BISHOPS APOLOGY 'HUMBLES' JUICO / NOY: FUNDS CANNOT BE USED FOR RELIGION
MANILA, JULY 14, 2011 (MANILA TIMES) (PHOTO - Officials of the Philippine Charity Sweepstakes Office (PCSO), led by Chairman Margarita Juico (second from left), on Tuesday attend Mass at the state-run lottery operator’s headquarters inside the Philippine International Convention Center in Pasay City. PHOTO BY JOSEPH MUEGO)
CHAIRMAN Margarita Juico of the Philippine Charity Sweepstakes Office (PCSO) on Tuesday commended a number of the country’s Roman Caholic bishops for apologizing for lapses in judgment over asking for and receiving financial assistance from the agency.
“I am humbled by the statement of the Catholic Bishops’ Conference of the Philippines (CBCP) expressing its apology to the Catholic community and the public for the seeming inconsistency of the actions of some bishops with the Catholic preaching when they solicited and accepted donations from the previous (PCSO) board,” Juico said in a statement.
The CBCP made the apology on Monday in behalf of the seven bishops who accepted funds from PCSO for purchase of high-end vehicles during the previous administration.

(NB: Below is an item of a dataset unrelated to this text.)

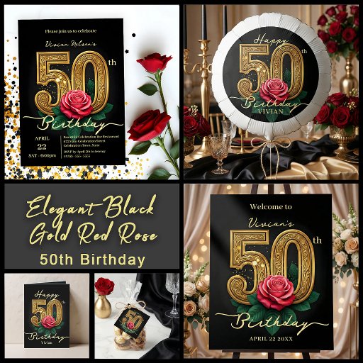 Elegant Black Gold Red Rose 50th Birthday PartyCriado por Kristina Lj Petrovska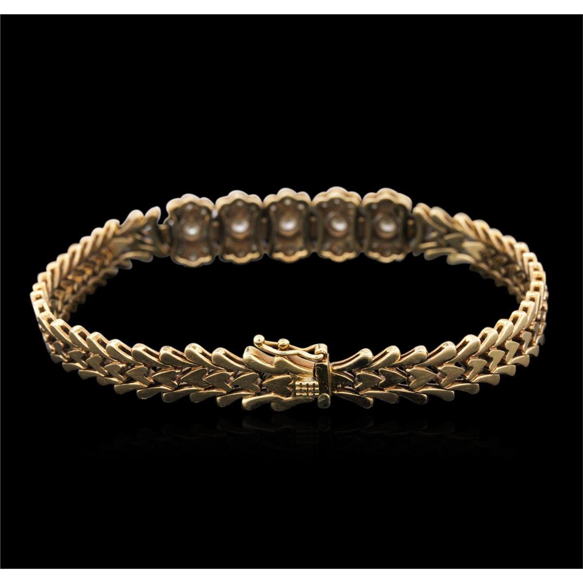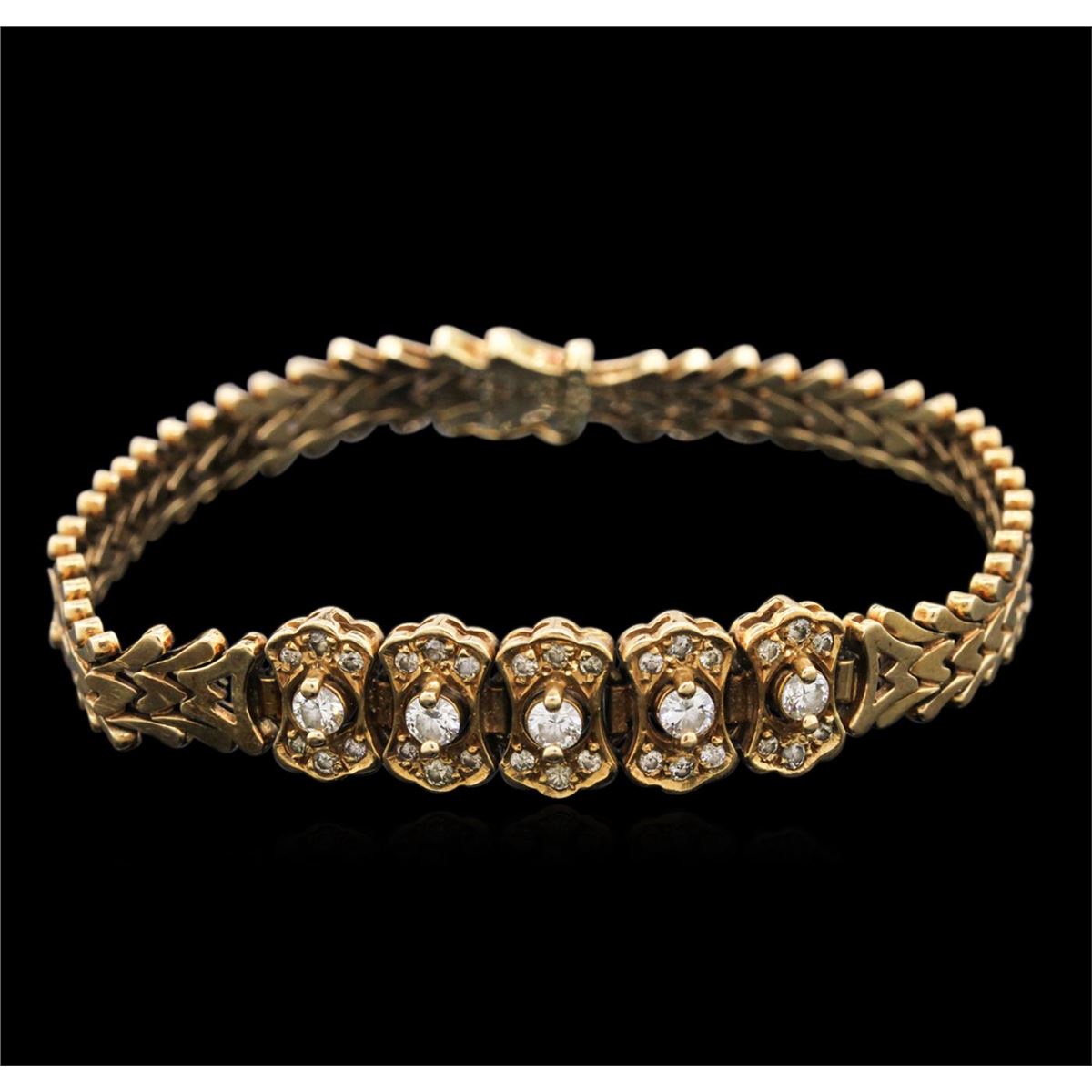 One electronically tested 14KT yellow gold ladies cast & assembled diamond bracelet with a bright polish finish. Seven and one-half inch length bracelet features five diamond set plaques supported by a flexible yellow gold ribbon, terminating in a concealed clasp with safety. Identified with markings of K14 585. Condition is good. Containing: Five prong set round brilliant cut diamonds, measuring 3.20 - 3.10 x 1.90mm (depth est.) approximate total weight of 5 Stones = 0.65ct. Graded in the setting. Clarity: VVS-1 to VVS-2 Color F - H Thirty bead set round brilliant cut diamonds, measuring 1.50 - 1.50 x 0.90mm (depth est.) approximate total weight of 30 Stones = 0.47ct. Graded in the setting. Clarity: VS-1 to SI-1. Color: G - I. Total Weight of Diamonds 1.12ct. Total Weight of Bracelet 18.49 grams. AIG Appraised at $7,435.00.

The rest of Juico’s statement:
“It takes great courage, humility and grace from the CBCP hierarchy to come up with a statement that acknowledges some mistakes and error in judgment had been made by a few members of the clergy.
‘In the CBCP’s own words that “our Mother Church has been deeply wounded by the controversies that have erupted in the past two weeks,’ I, and the present PCSO Board, would like to pick up on this phrase and say that the time has come for the healing of wounds, for reconciliation and for moving forward.
“The donations to the good bishops were received in good faith. PCSO values its partnership with the Church. The charity institution shares the concerns of the Church in extending medical and health services to the poor and in helping make their lives a little better. The Church is an indispensable ally and partner of government in nation-building.
”While PCSO provides the ambulances and other means of transportation, we acknowledge and appreciate that the parish priests and their dioceses are at the forefront of community service.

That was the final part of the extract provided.